By: Staff Writer
September 12, 2024
It’s been three months since Kenyan troops arrived in Haiti and very little can be said about their impact on the ground in quelling the violence and assisting the appointed cabinet to stabilize the country for holding general elections.
The Haitian authorities have expanded a state of emergency to the whole country as the government battles violent gangs that have taken control of large parts of the capital – and are attempting to move into other regions.
The move comes as the US Secretary of State Antony Blinken visited the Caribbean nation, where he met Prime Minister Garry Conille to discuss “forthcoming steps in Haiti’s democratic transition”.
Despite this, Kenyan troops are facing challenges. Pay issues and shortages of equipment and manpower have sapped morale among Kenyan police officers deployed to Haiti and hampered their ability to confront heavily armed gangs, four officers told Reuters.
After three years of rampant killing, rape and extortion by gangs that control most of the capital Port-au-Prince, Haiti’s transitional government and its international allies are counting on the Kenyan-led mission to restore enough security to hold elections by February 2026.
The U.S. is also mulling a U.N. peacekeeping operation in Haiti as one way to secure funding and staffing for a Kenya-led mission deployed to quell gang violence in the Caribbean country, a top U.S. diplomat said earlier this month.
Some 400 Kenyan police are currently in Haiti, but the mission also calls for the deployment of police and soldiers from the Bahamas, Bangladesh, Barbados, Benin, Chad and Jamaica for a total of 2,500 personnel. They would be deployed in phases that would cost roughly $600 million a year. Currently, the U.N. has $85 million in pledges for the mission, out of which $68 million has been received.
The inability to secure funding immediately is allowing the criminal gangs to regain portions of the country that they were beat back from by the surge of the Kenyan troops.

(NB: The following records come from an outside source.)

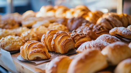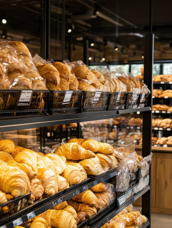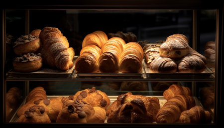 Freshly baked croissants and pastries sit on display in a bakery, tempting customers with their golden brown color and sweet aroma
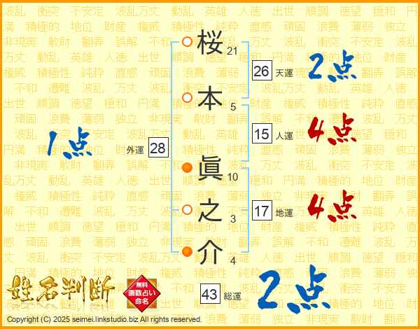 桜(21画)本(5画) 眞(10画)之(3画)介(4画)
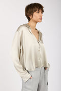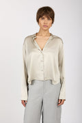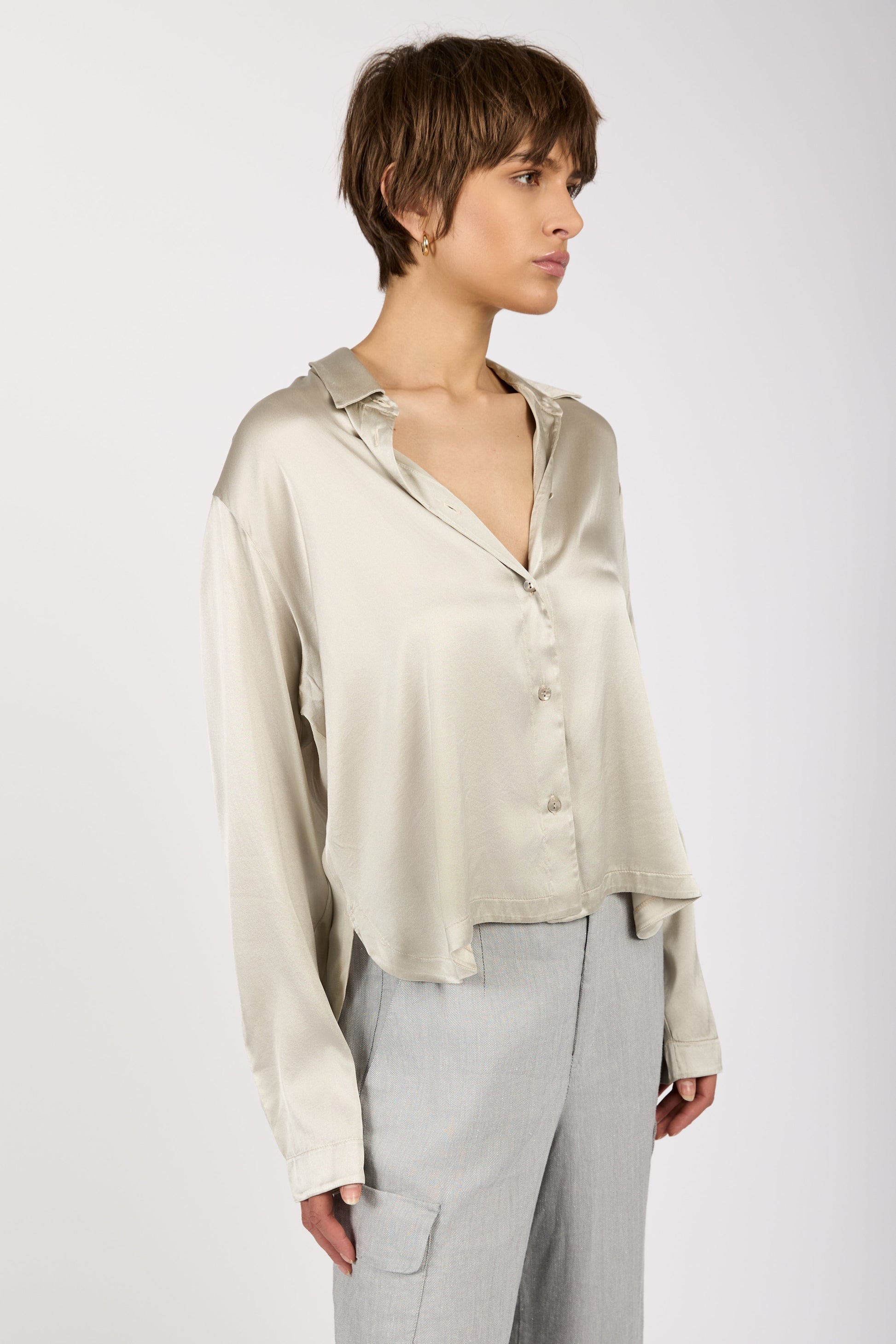 Button-Down Stretch Silk Shirt in Pearl Grey

These challenges are exacerbated by the failure to fully fund and operationalize the Multinational Security Support, which has allowed the gangs to entrench themselves and further destabilize the capital. The funding shortfall for the UN trust fund, which relies on voluntary contributions from member states rather than the mandatory assessments used for traditional peacekeeping missions, has significantly delayed the deployment of Kenyan police to Haiti and has hindered their operational effectiveness due to insufficient equipment and delayed pay, impacting morale.